[Arm-netbook] [review] SoC proposal

Wed Feb 8 21:18:29 GMT 2012

On Wed, Feb 8, 2012 at 8:16 PM, Tony Garnock-Jones <tonyg at ccs.neu.edu> wrote:
> On 02/08/2012 02:58 PM, lkcl luke wrote:
>>
>> that means that it could be used in at least the following products:
>> [everything]
>
>
> It sounds *amazing*. Is the cache coherency done in software, as you
> mentioned near the top of your message?

 no, the CPU core we've found, the company that's done it has a
hardware SMP 1st level cache, already done, up to 4 cores: doing 8
shouldn't be hard.

 the only thing is: it's 32-bit only, meaning a hard limit of 4gb of
RAM, and the peripherals will need to be memory-mapped into that
space.

> What size caches would exist on each
> core?

 haven't picked that yet, but there's definitely an upper limit based
on the target pricing.

 1st level caches probably something like 32k, 2nd level mayybe 128k
each - we can't go too large because we want to be able to get around
10,000 CPUs on a single wafer (which would be about $8k each, batches
of 16): that means the area musn't be bigger than 10sqmm including a
1mm gap for cutting them up.

 12in wafer, 6*6*pi sq.in, 113 sqin, => appx 7290 sq.cm => each CPU
must be err about 2.5x2.5 sq.mm which kinda sets a limit of somewhere
around 4 to 6 million gates.

 each CPU will be about 50k gates, the FPU per CPU will be another
50k; each bit of the cache will be a memory cell which is 1/2 a gate,
so if you set a limit of 128k that's 131072 * 8 / 2 = half a million
gates _just_ for the 2nd level cache *per cpu* - that's 4 million
gates _just_ for the 2nd level cache, 128k per CPU. whoops.

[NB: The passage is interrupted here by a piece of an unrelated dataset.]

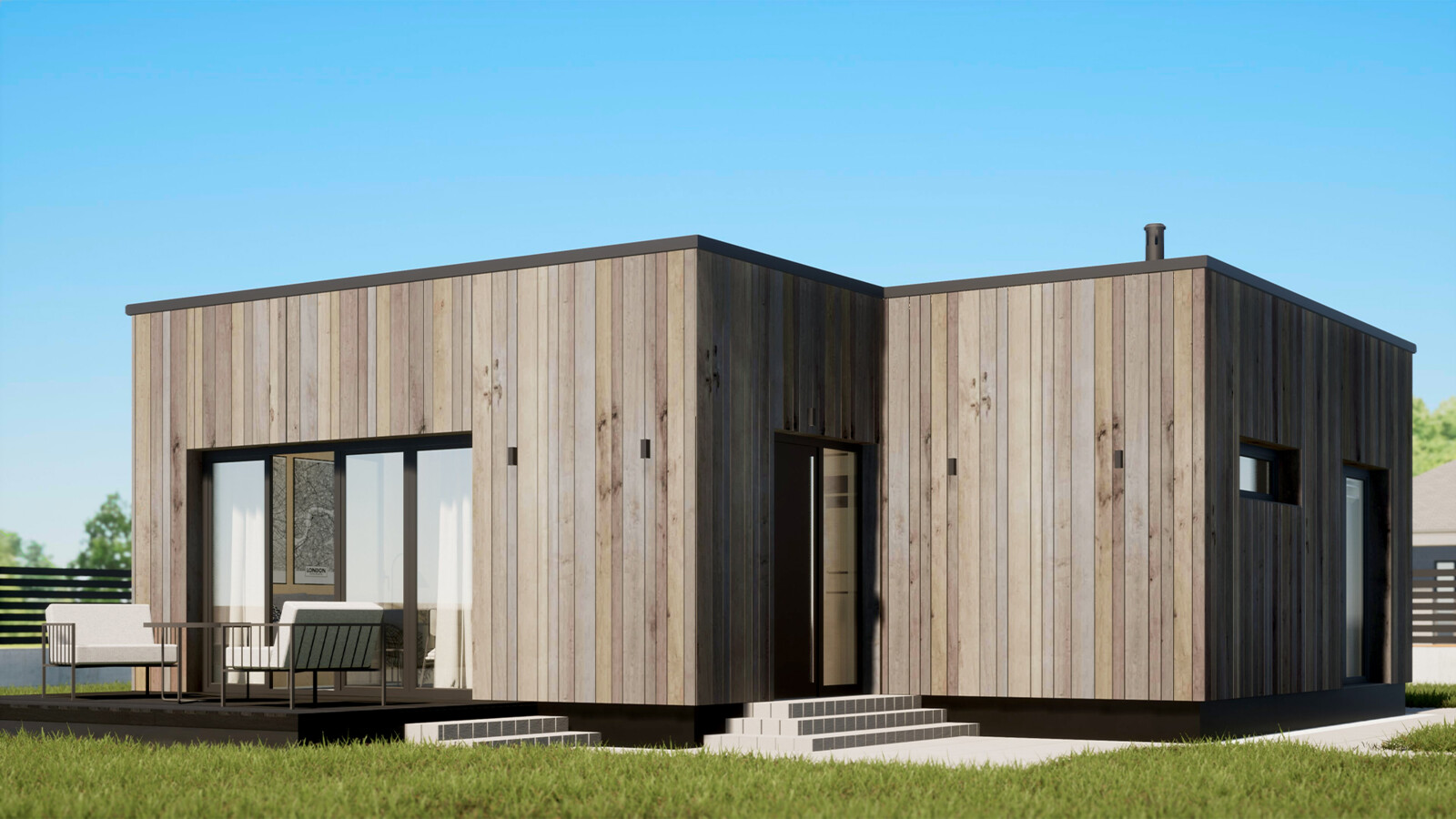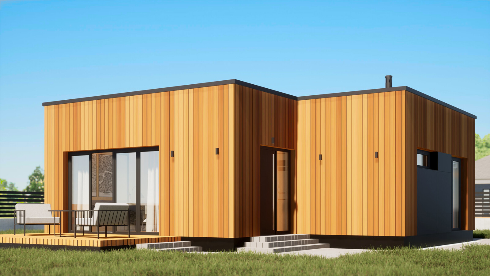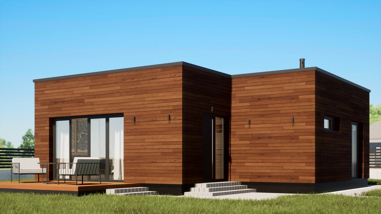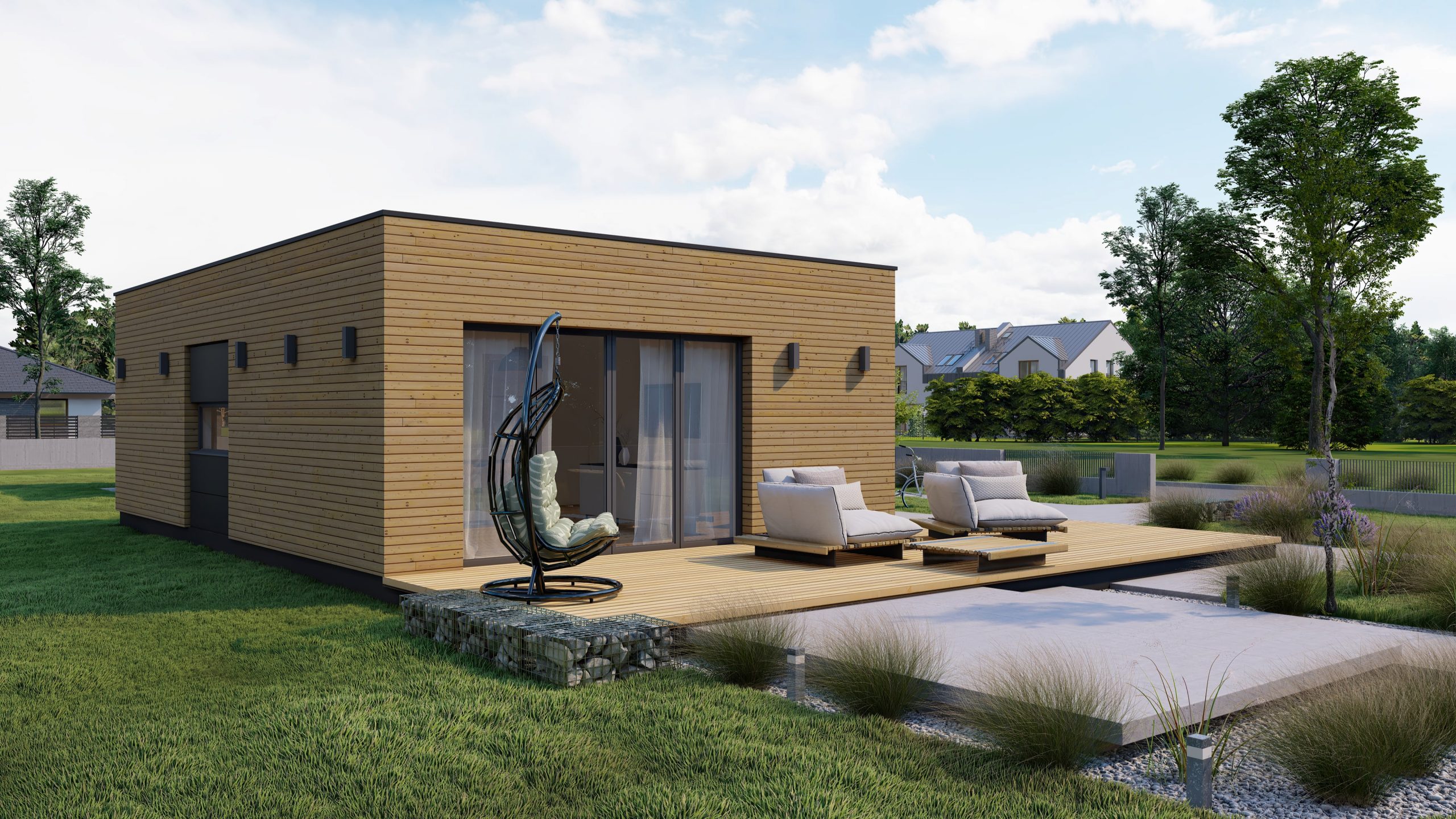 Das Modulhaus Vang ist ein komfortables, einstöckiges Modulhaus mit kompaktem Grundriss und ideal für ein bis zwei Personen. Es wird mit einem Flachdach gebaut.

 the I/O peripherals and the routing are probably going to be another
1 million, possibly more, because it's a hell of a lot of AMBA bus
routing, and I/O pads, in order to get the current, often need to be
as big or bigger than the RISC core alone!

 so with that adding up to appx 6 million gates, it's pretty tight already.

> (I read on the FONC list the other day about a Tilera-based setup where a
> full Smalltalk image was running entirely in the 2MB of L2 of each core,
> treating main memory as remote storage...)

 cool :)

 well... that's not going to be possible, here, unless the L2 cache is
shared across the AMBA bus between all the CPUs.  that would do it,
but would result in 8-way contention.  4 CPUs isn't so much of a
problem, but 8's where CPUs start to tread on each others' toes if
you're not careful.  crossbar-switch designs and all that, which of
course introduces either massive amounts of routing or additional
latency, depending on which way you do it.

 in some ways i'm not so concerned about that happening: the choice of
8 CPUs is more so that the 3D performance is good (CPU-bound not
memory-bound), as well as power being lower, and also well.... because
8 has significance in chinese culture as being associated with
financial success.

 ... but, if you know of anyone who knows about this kinda stuff, and
the implications at an application level, i'd really like to hear from
them.  these kinds of decisions - bus widths, cache sizes, internal
routing architecture - are going to be critical to make sure that the
processor can deliver.

 for example, it's pretty obvious that you have to do 1080p30 at
least, of broadcast video which will be about 8mbit/s sec of H.264.
so we know immediately that there will need to be a hardware CABAC
decode block (idiots, idiots, idiots who designed H.264 to be
non-parallelisable), and then enough memory bandwidth to hold several
decoded frames in memory all at once, and then _also_ enough memory
bandwidth to be able to cope with 180 million bytes per second (1920 x
1080 x 24-bit x 30fps) on _top_ of all the other processing, just to
feed the video framebuffer.

the numbers are just completely nuts: when you look at it, it's no
wonder the OMAP3530 was struggling to do 1080p a few years ago.

l.